Credit union loan 1 (joint names) - 21k outstanding €300 pm (resturctured 6 years left)
Credit union loan 2 (my name) - 6k outstanding €336 pm (not restructured as may need to access cash for daughters college until grant comes in (if approved)) This loan will be finished if I don't borrow from it in 16months time. Recently borrowed 5k to clear the majority of CC.

No other loans

Do you pay off your full credit card balance each month? no just minimum payment
If not, what is the balance on your credit card? 1130 (hoping to move to 0% interest CC soon)

Savings and investments:
as about 420 euro
Do you have a pension scheme? 
Public sector pension
Do you own any investment or other property? 
no
Ages of children: 
17 and 4
Life insurance:
150 pm (loaded for insurance due to illness on my side, have shopped around but no one is cheaper)

monthly household exp
Mortgage - 864
Life ins - 150
food - 500/600 (inc food for 2 dogs)
diesel - 200
gas - 100
esb - 100
sky - 40
phone - 34
mobile - 20
home ins - 40
car ins - 30
13 - tv licence
300 - creche fees (finishing in june) but loosing 130 CA due to daughter finishing school.
200 - savings
26.50 - waste collection
20 - mobile phone



*What specific question do you have or what issues are of concern to you? *

*I have submitted SFS forms for the last 18 months to our mortgage provider and had been granted int only for 12 months. We have been making full payments since last october but with OH's job we are living week to week. If the mort gets paid esb doesn't etc. We were told to stop paying off any unsecured debt and to pay the mortgage in full. I have explained that in 18 months time i will have an extra €450 pm that I will give to them on top of what we are trying to pay now and that should bring the arrears down too. I have also told them that I will have college fees in sept but they really don't care.*
*They just don't want to know. Im physically worn down from waking every morning and going to bed every night thinking about money.*

*If you were in my situation what would you do*

*Thank you for any advice you may have.*


----------



## Laughahalla

I would recommend wife gets a full time job if possible. 10k is less than minimum wage. 
I would also stop saving 200 euro per month.
Basic sky package is 27 euro. Cut the 40 euro package. If you are getting multiroom just keep sky in one room and use the free to air channels in the other room.

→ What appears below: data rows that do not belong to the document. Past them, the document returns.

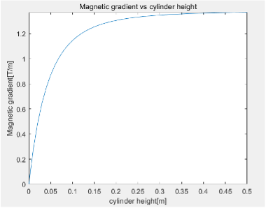 We find some interesting observations: at first, when the radius starts to increase, the magnetic gradient magnitude increased as well. However, after passing a certain radius, continuing to increase the radius of the cylinder can no longer increase the magnetic force, on the contrary, the force reduced. The reason behind is that when the surface area becomes too large the extra volume of the magnet actually providing more magnetic field at the sphere local, effectively reducing the magnetic field decay thus reducing the gradient. For a maximum magnetic force on the object, the optimal magnetic surface should have the radius roughly equal to the distance of attracting object. Of course, due to different design configurations it can be changed, but this optimal surface length can be the starting point for your magnet design.
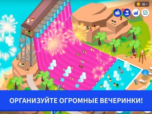Idle Theme Park Tycoon предлагает множество уникальных аттракционов, включая картинг и приключения в стиле Дикого Запада. Вы можете исследовать новые острова и строить дополнительные парки. Выполняйте задания, чтобы получать награды и открывать новые возможности для развития.
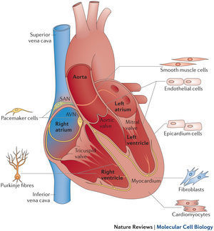 What are the different cell types in heart?
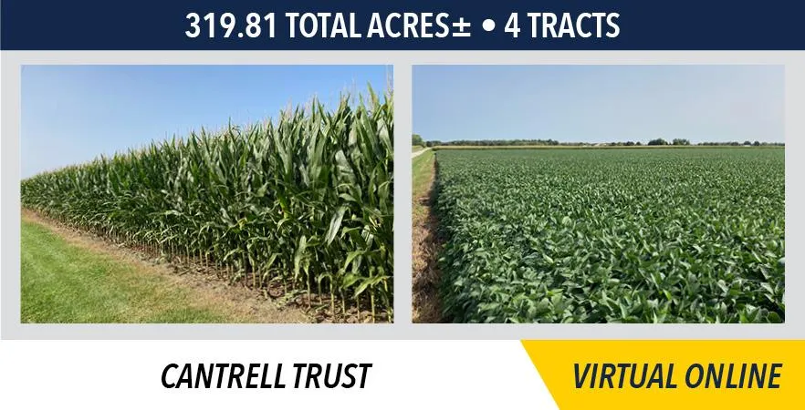 The Cantrell Trust farms will be sold on a price per acre basis, based on surveyed acres for Tracts 1-3 and based on taxable acres for Tract 4. All 4 tracts will be offered through the marketing method of Buyers Choice, whereas the high bidder can elect any of the tracts for their high bid. If the high bidder does not elect all offered tracts, then the remaining tract(s) will continue to be offered Buyers Choice until all tracts have been elected. The tracts will NOT be offered in their entirety at the conclusion of the auction.
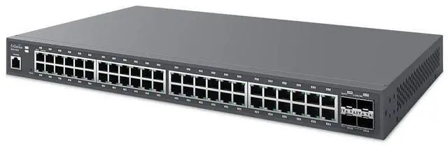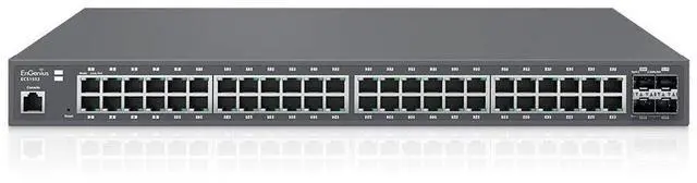 Managed by EnGenius Cloud Platform or EnSky On-premises, (48) 10/100/1000 Mbps Gigabit Ethernet PoE Ports, (4) 10 Gigabit SFP Plus Uplink Ports for Superior Network Performance, Desktop Model Supports Full-Featured Layer 2 Switching, 802.3 af/at Available On All Ports with a Total PoE Budget of 740W
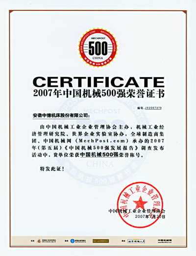 中德公司入選2007年(第五屆)“中國(guó)機(jī)械500強(qiáng)”
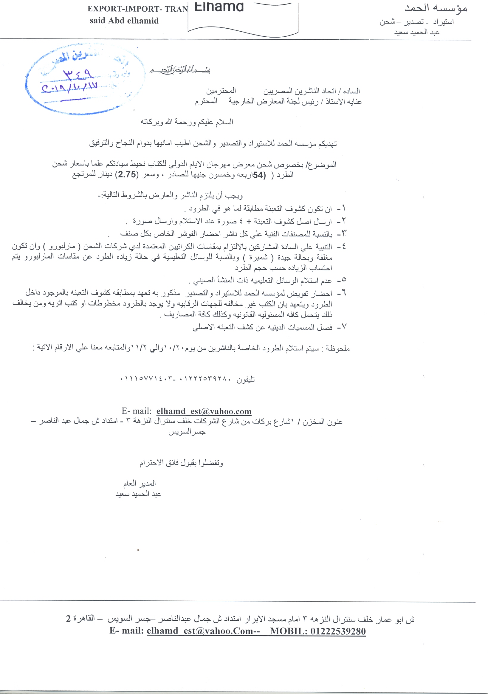 بخصوص تعليمات شحن معرض مهرجان الأيام بالبحرين

Is your life assurance to pay off mortgage if you die or to provide a lump sum if you die ? Normal life insurance for a house of your value for a year should  200 euro per year. If its to provide a lump sum then I would consider cancelling it and jut get mortgage protection the will pay off the mortgage if you die.

Most important debts to pay is your mortgage, electricity and gas.
Bord gais allow you to Make 12 equal payments during the year instead of having to pay a huge bill in January and march. 

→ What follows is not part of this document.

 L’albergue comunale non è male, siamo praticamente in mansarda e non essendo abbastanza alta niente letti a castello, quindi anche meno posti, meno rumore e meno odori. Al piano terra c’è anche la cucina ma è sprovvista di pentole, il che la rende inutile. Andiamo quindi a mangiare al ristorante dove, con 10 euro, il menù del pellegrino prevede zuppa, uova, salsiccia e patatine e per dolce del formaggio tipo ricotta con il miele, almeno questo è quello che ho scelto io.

Get your electricity from bord gais and your gas from flogas.

Get rid of house phone and use pay as you go for mobile. Three has a 20 euro per month deal that gives you all your Internet, (you can use your phone as a wi fi hotspot if you need to use the Internet on a laptop or tablet) , weekend any network, all week three tho three free calls and 2000 texts.  
Shop in aldi, prices much lower than anywhere else. Stop buying processed food and buying take always.  Learn how to cook. It will be cheaper and healthier .

Speak with the credit union to restructure. 
If you restructure with the bank you may lose your tracker. 
St using your credit card.  Cut it up.

Marry your partner, it will cost 150 to register the marriage but you will be entitled to better tax credits and therefore pay less income tax I.e.you will have more take home pay.


----------



## Janet

Laughahalla said:


> I would recommend wife gets a full time job if possible. 10k is less than minimum wage.

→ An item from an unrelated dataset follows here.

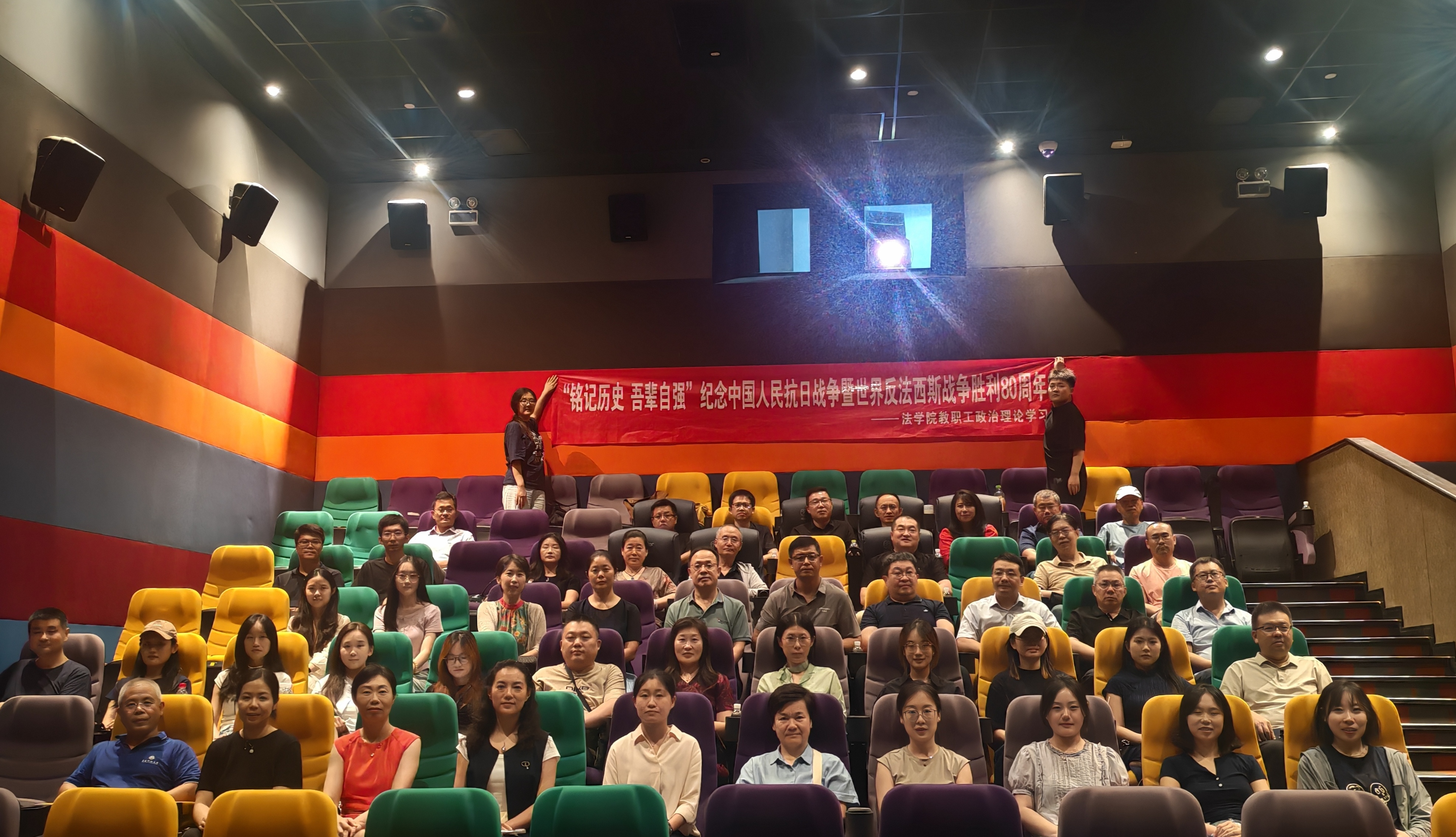为纪念中国人民抗日战争暨世界反法西斯战争胜利80周年,引导全体师生厚植家国情怀,9月2日,法学院举办“铭记历史 吾辈自强”《南京照相馆》集中观影活动暨教职工政治理论学习,学院全体教师及学生代表参加。

Eh, isn't the OP the wife in this situation and already working full-time?

What business is the OH involved in, though?  Is he working all the time but not always earning, or does he sometimes have a lot of time on his hands?  Do you have a garden where you can grow at least some of your own fruit and veg?  If he's got a lot of time on his hands, can he spend it researching and producing cheap, healthy meals from scratch, for example?  Or does all his free time go into chasing new business?  And, as Laughahalla suggests, can he get a fulltime job doing something else?




Laughahalla said:


> I would also stop saving 200 euro per month.


I'd think very seriously about this one before stopping it.  Perhaps reducing it might be an idea.  But if, as I understand from the original post, these savings are actually just to cover expenses that will come up (car maintenance, etc.), then it is might not be a great idea to stop completely.



Laughahalla said:


> Marry your partner, it will cost 150 to register the marriage but you will be entitled to better tax credits and therefore pay less income tax I.e.you will have more take home pay.


I didn't see whether you were married or not in your post.  Maybe you can clarify this.  You mentioned a maintenance payment in your income, is this from an ex-husband/partner for child support?  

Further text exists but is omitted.